The common-sense view has already been outlined above - where we're at now is wondering whether there is

i. any scientific evidence or research in linguistics that can back it up or disprove it, or

ii. whether people who are the product of mixed parentage can offer personal insight from their own upbringing (what their parents did, and whether they think that was the right way to go or not.)

Thanks

Sw

Edited by SoftWater
Posted (edited)

Thanks Johpa, Withnail and Rikker. Agree with all the points you have made, though I still think the idea that 'the mother's broken English is damaging' needs scientific support (I vaguely remember years ago, while studying philosophy of language, reading something about 2nd generation creole kids who did not adopt the linguistic errors of their parents). Rikker's point about baby talk (anecdotally) confirms my suspicion that some non-native input won't be harmful.

Rikker, good luck with finding any decent research. I asked about this a lot when my kids were first born, among people who had various PG degrees in child language acquisition, and nobody could come up with much in the way of references or knowledge that came to anything more substantial than what we have amassed together already on this thread.

I had kind of given up on finding any hard evidence on the subject, but as I said in the OP, the thread with Stu Jay Raj made me think - well, if the academics haven't explored such an obviously huge interest area, maybe we can get some insight from those who were brought up bi/multi lingually.

Withnail, thanks for the reference also; I'll certainly be checking that out.

Sw

Edited by SoftWater
Posted

My children survived both my less than perfect Thai as well as my wife's less than perfect English. My son speaks Thai with nary an accent, putting my Thai vocalizations to shame. He is often quick to laugh at some of my pronunciations.
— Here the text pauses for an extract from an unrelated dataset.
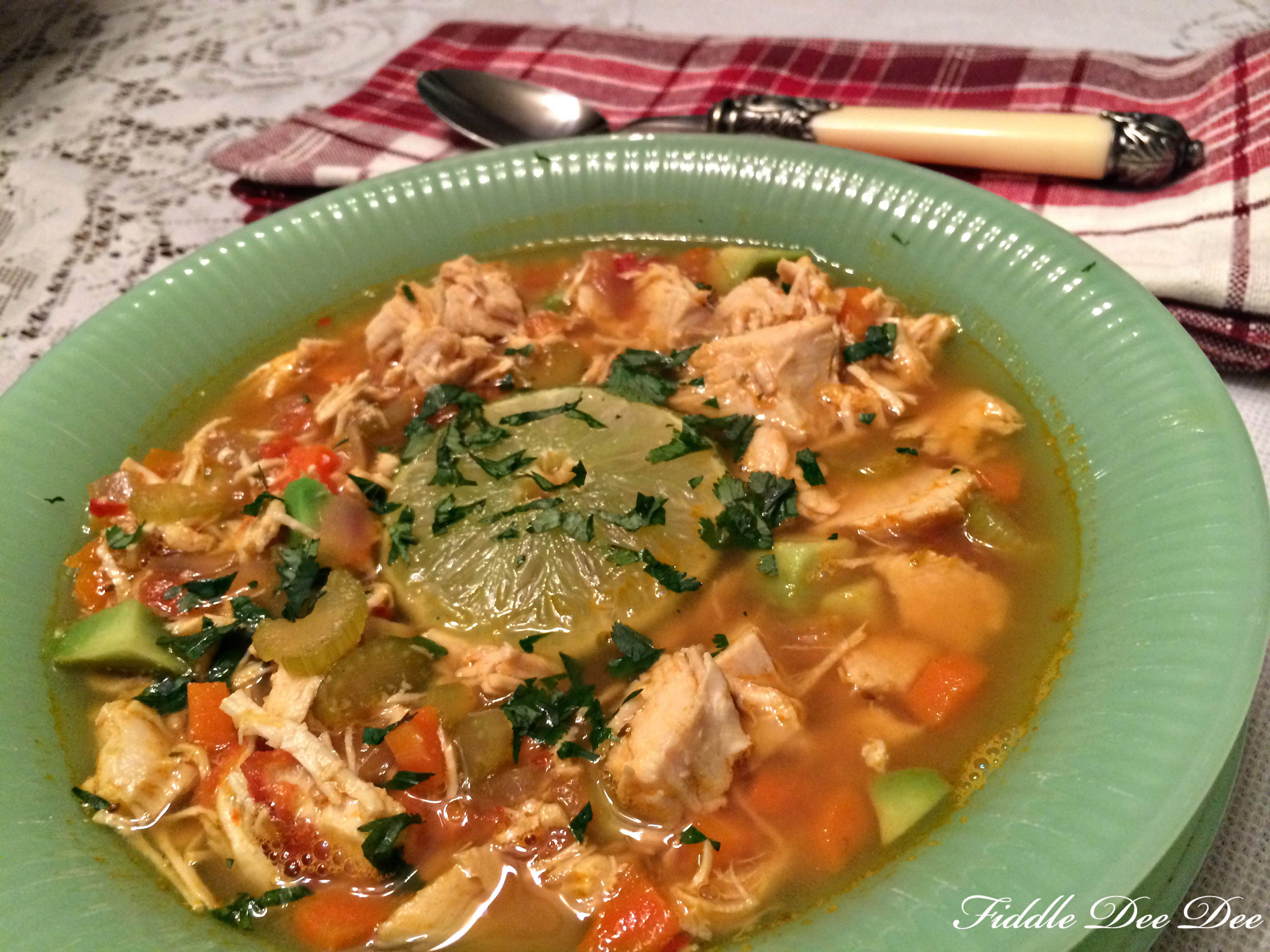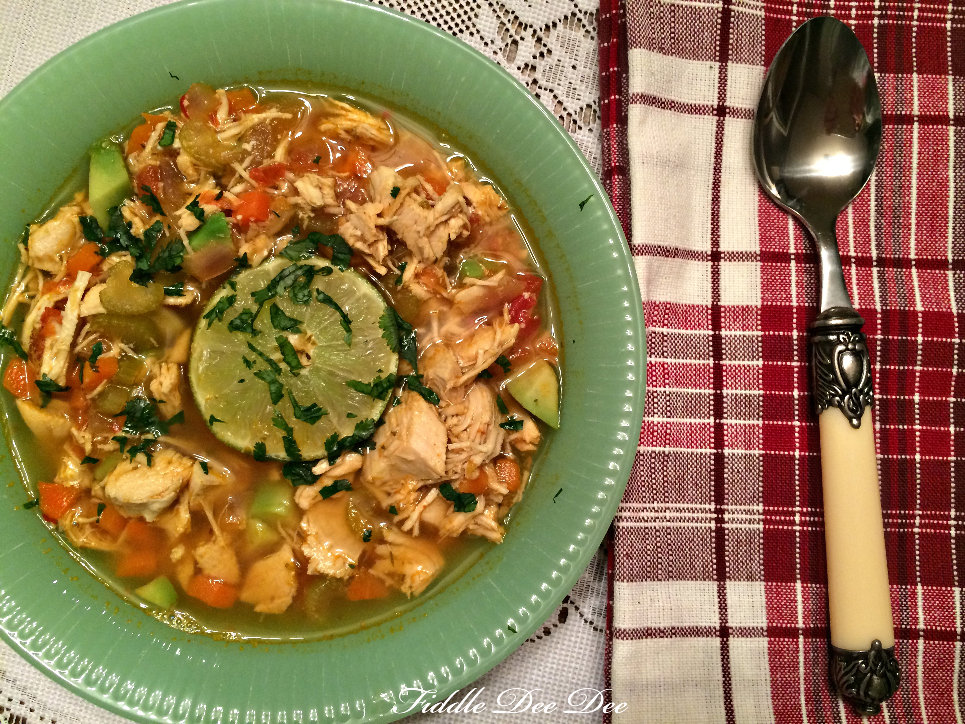 Since our taste buds seem to lose their power when colds take over I opted out of traditional chicken noodle soup (which is one of our favorites), and decided to get a little creative with a spicy southwestern flavored chicken soup for our supper last night.

I don't believe this is a significant issue. Aim for comprehension, don't get worried or frustrated over lack of production, and then, if possible, make the investment into taking the children back to the country of the second language for some immersion once every few years while they are still young. The return on that investment will be gratifying. If you are based in Thailand and can't make it back to your home country then take a trip to somewhere like Samui where English is dominant or take them for weekend stays at tourist guesthouses with a swim pool as a hook.